Dopo il nullaosta della Congregazione delle cause dei santi, è giunto a conclusione il lavoro preliminare. In autunno l’istituzione del tribunale diocesano per la prima fase dell’iter verso gli altari 

29 maggio 2002. Don Primo Mazzolari interpreta Gesù nella sacra rappresentazione della Passione

29 maggio 2002. Don Primo Mazzolari interpreta Gesù nella sacra rappresentazione della Passione

Un passo importante verso la beatificazione è compiuto. Il lavoro preliminare all’apertura della causa è terminato. Il cammino verso gli altari di don Primo Mazzolari ora può iniziare ufficialmente. La diocesi di Cremona, una volta ottenuto il via libera della Santa Sede, ha infatti deciso di far partire il processo previa la nomina dei membri del tribunale diocesano.
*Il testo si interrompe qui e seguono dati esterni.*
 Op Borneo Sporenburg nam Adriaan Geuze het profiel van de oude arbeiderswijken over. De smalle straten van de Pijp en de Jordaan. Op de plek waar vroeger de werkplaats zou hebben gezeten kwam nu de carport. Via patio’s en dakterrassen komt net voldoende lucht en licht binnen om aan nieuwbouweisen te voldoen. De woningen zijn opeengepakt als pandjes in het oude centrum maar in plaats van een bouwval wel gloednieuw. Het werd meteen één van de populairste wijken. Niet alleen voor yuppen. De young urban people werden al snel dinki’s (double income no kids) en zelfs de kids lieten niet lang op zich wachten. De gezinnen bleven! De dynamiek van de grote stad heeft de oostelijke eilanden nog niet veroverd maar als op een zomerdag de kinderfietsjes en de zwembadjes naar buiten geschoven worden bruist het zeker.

«Presumibilmente si potrà cominciare in autunno», spiega don Bruno Bignami, presidente della Fondazione don Mazzolari. Ma intanto, a seguito del nulla osta della primavera 2015 della Congregazione delle cause dei santi, «dopo mesi di studio, è giunto a conclusione il lavoro sia dei censori teologi, sia della commissione storica», chiarisce don Bignami.

Un lavoro complesso che ha analizzato a tutto tondo il parroco della bassa padana capace di leggere i segni dei tempi, dar voce ai poveri risultando un profeta, uno che «aveva il passo troppo lungo – disse Paolo VI, che da arcivescovo di Milano nel 1957 chiamò il sacerdote a predicare agli universitari – e noi si stentava a tenergli dietro». Dalla ricerca effettuata è emerso un parere più che favorevole e ben articolato. Dal punto di vista dottrinale e morale «lo studio analitico delle sue pubblicazioni mostra la costante preoccupazione di don Primo di rimanere fedele alla Verità». E anche sul piano dell’antropologia si vede «quanto lucida fosse la distanza del pensiero di Mazzolari – dice don Bignami, massimo esperto di questa figura – dalle ideologie diffuse nel suo tempo. In particolare emerge una profonda sensibilità cristologica: ha saputo leggere la storia con la lente della fede di Cristo».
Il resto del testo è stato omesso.